**WORK ITEM**
Look below for the line that contains "We are a late-30s" and the line that contains "Отличието й се", then restate both of them and every line in between, exactly. No picture goes in the copy.

**EXERCISE MATERIAL**
───
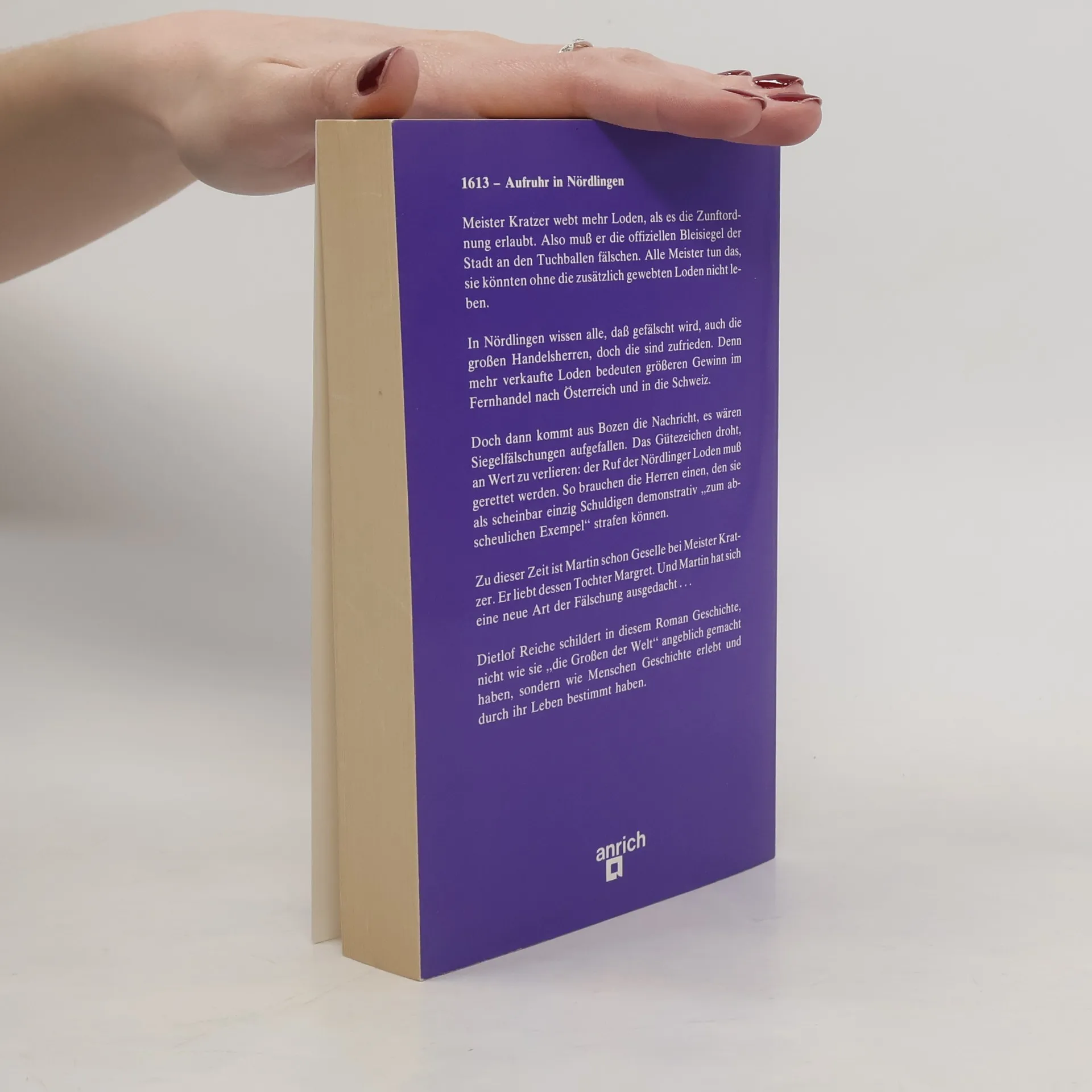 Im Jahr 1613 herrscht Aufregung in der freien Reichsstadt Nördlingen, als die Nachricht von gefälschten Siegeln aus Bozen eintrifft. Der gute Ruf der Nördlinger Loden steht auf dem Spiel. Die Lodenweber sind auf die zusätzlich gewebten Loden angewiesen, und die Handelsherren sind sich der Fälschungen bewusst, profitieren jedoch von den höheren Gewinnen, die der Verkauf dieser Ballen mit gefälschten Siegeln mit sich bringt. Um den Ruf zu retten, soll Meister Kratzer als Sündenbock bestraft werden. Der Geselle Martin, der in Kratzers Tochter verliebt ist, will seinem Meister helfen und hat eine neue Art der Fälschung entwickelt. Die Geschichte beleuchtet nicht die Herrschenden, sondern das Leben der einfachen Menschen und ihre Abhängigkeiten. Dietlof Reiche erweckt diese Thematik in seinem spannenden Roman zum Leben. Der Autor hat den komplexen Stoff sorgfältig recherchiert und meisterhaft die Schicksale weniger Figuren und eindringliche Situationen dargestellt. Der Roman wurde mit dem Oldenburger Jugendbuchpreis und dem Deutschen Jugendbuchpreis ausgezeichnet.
───
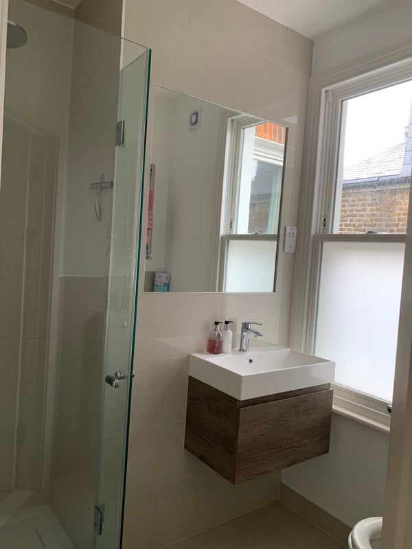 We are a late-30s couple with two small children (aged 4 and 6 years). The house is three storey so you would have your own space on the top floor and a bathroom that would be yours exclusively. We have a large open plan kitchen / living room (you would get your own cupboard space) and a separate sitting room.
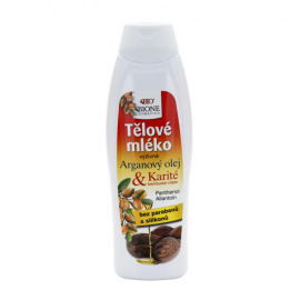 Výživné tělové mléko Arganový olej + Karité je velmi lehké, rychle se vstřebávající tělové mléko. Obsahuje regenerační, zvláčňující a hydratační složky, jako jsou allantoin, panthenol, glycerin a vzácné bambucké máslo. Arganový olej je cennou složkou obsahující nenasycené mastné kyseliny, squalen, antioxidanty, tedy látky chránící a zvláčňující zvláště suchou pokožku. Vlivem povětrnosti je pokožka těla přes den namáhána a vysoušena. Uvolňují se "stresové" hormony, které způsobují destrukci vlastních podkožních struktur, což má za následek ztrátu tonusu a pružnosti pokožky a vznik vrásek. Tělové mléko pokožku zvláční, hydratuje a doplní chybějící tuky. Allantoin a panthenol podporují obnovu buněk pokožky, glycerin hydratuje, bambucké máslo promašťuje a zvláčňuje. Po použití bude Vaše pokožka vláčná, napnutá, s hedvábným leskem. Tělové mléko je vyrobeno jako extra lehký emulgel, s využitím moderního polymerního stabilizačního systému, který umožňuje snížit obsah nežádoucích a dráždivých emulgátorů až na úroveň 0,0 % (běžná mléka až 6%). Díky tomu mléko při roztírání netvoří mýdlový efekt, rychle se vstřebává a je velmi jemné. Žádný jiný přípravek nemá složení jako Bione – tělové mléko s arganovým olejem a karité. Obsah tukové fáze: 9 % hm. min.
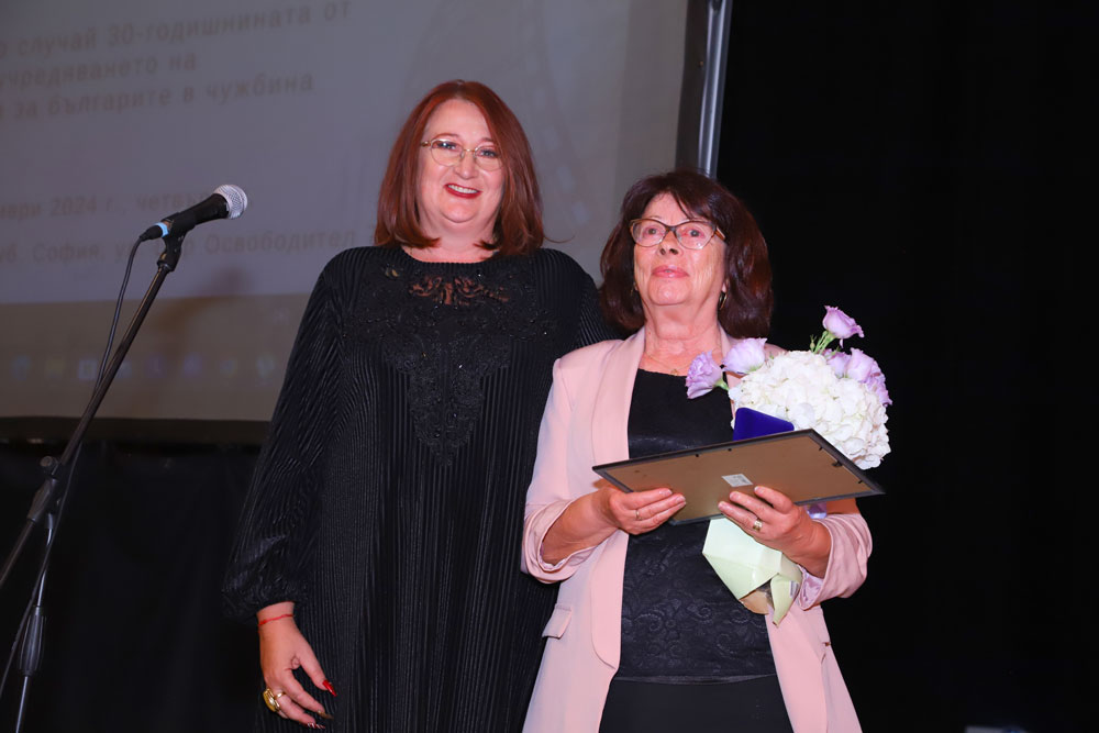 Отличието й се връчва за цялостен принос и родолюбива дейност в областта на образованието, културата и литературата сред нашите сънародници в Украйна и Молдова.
───
**RESULT FOR THIS TASK**
 We are a late-30s couple with two small children (aged 4 and 6 years). The house is three storey so you would have your own space on the top floor and a bathroom that would be yours exclusively. We have a large open plan kitchen / living room (you would get your own cupboard space) and a separate sitting room.
 Výživné tělové mléko Arganový olej + Karité je velmi lehké, rychle se vstřebávající tělové mléko. Obsahuje regenerační, zvláčňující a hydratační složky, jako jsou allantoin, panthenol, glycerin a vzácné bambucké máslo. Arganový olej je cennou složkou obsahující nenasycené mastné kyseliny, squalen, antioxidanty, tedy látky chránící a zvláčňující zvláště suchou pokožku. Vlivem povětrnosti je pokožka těla přes den namáhána a vysoušena. Uvolňují se "stresové" hormony, které způsobují destrukci vlastních podkožních struktur, což má za následek ztrátu tonusu a pružnosti pokožky a vznik vrásek. Tělové mléko pokožku zvláční, hydratuje a doplní chybějící tuky. Allantoin a panthenol podporují obnovu buněk pokožky, glycerin hydratuje, bambucké máslo promašťuje a zvláčňuje. Po použití bude Vaše pokožka vláčná, napnutá, s hedvábným leskem. Tělové mléko je vyrobeno jako extra lehký emulgel, s využitím moderního polymerního stabilizačního systému, který umožňuje snížit obsah nežádoucích a dráždivých emulgátorů až na úroveň 0,0 % (běžná mléka až 6%). Díky tomu mléko při roztírání netvoří mýdlový efekt, rychle se vstřebává a je velmi jemné. Žádný jiný přípravek nemá složení jako Bione – tělové mléko s arganovým olejem a karité. Obsah tukové fáze: 9 % hm. min.
 Отличието й се връчва за цялостен принос и родолюбива дейност в областта на образованието, културата и литературата сред нашите сънародници в Украйна и Молдова.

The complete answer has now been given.